Already, 70 percent of the building space – which will include a restaurant, office and retail space and private residences – is leased, said local developer Rob Philippe. The building should be up and its businesses running by mid-January.
Farley’s Chop House likely will be the main attraction of the new building. That’s right, Farley’s is making a comeback in Frisco.
The traditional steakhouse and locals’ hangout spent more than 20 years in Copper Mountain before it lost its home at the ski resort about two years ago.
The restaurant will be dressed up a little more than the old Farley’s, but it will still offer quality food and good service for reasonable prices, Philippe said.

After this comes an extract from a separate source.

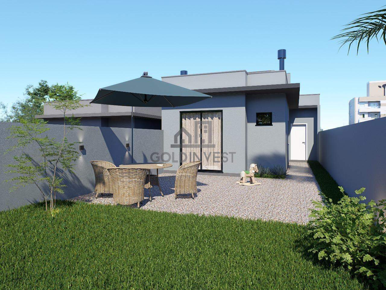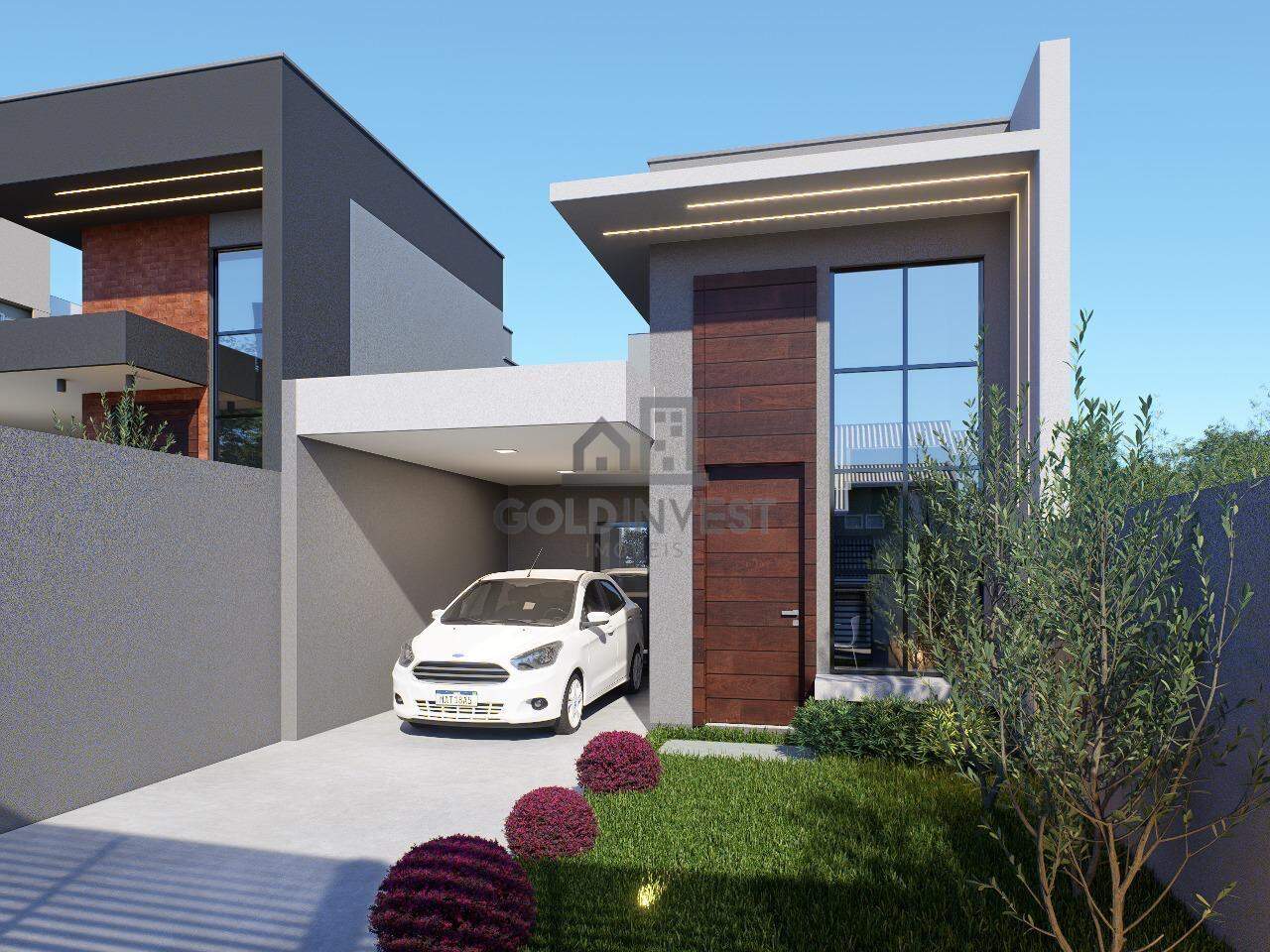 Jardim com gramado entregue na parte frontal, valorizando ainda mais a estética do imóvel.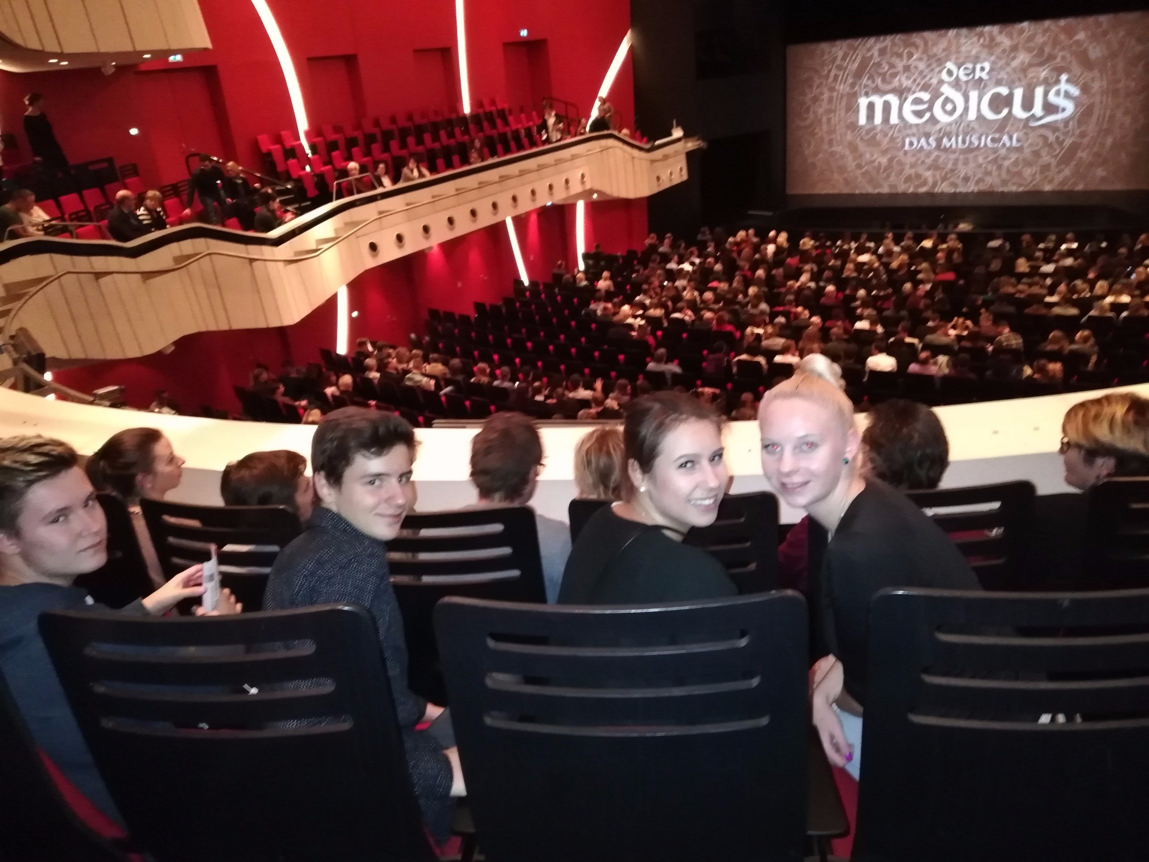 Nach einer ausgiebigen Shoppingtour in der Stadt stand dann am Abend das Musical „Der Medicus“ im Deutschen Theater auf dem Programm. Für viele war dies der erste Besuch in einem Theater und sie wurden nicht enttäuscht. Das Musical, das nach der Romanvorlage des Weltbestsellers von Noah Gordon inszeniert wurde, begeisterte durch flotte Tanzeinlagen, charismatische Sänger und ein buntes Bühnenbild, das die Zuschauer in das Mittelalter und in orientalische Welten eintauchen ließ. „Wahnsinn, was die Schauspieler da live auf der Bühne leisten“, so die Schüler einhellig. Fast drei Stunden dauerte die Reise des Medicus, die am Ende mit dem begeisterten Applaus aller Theaterbesucher belohnt wurde – und auch unsere Schüler klatschten kräftig mit.

Owners George and Lisa Tousey and Seth Zeller were unavailable for comment.
Meanwhile, developers down the street at West Frisco Gateway are expecting to receive a permit to begin construction on a new building just west of Alpine Natural Foods.
The one-story, 2,475-square-foot building is modeled to look like a historic train station, said Mark Sabatini, vice president of Solleron Resources Inc., managing partner for the project.
Alpinista Pizzeria, a “nice, upscale” restaurant in Edwards has signed a lease with the developers to open a second pizzeria in Frisco.
If workers are able to break ground on the project in the next few weeks, Alpinista, too, may be up and running in the beginning of 2004.
More choice or tighter competition
Some Frisco locals and business owners have debated whether or not there is room for more restaurants in Frisco.
Some say there isn’t enough demand in Frisco and adding more restaurants to the mix will only make it harder for existing restaurants to prosper.
On the other hand, a wider variety of eateries in town might bring more people to Frisco, which could benefit everyone.
Frisco Mayor Bob Moscatelli said he’s not sure what the town’s capacity for restaurants is, but unless town officials limit the number of liquor licenses they issue, there’s no stopping new restaurants from coming to town.
“I guess we’ll know (the limit) when we bump up against it,” Moscatelli said. “I, personally, like variety. But I don’t want to see any of our current restaurants fail. If the town is more attractive because we have more variety, then we’ll attract more people and everybody can be profitable. I hope that’s the way it turns out.”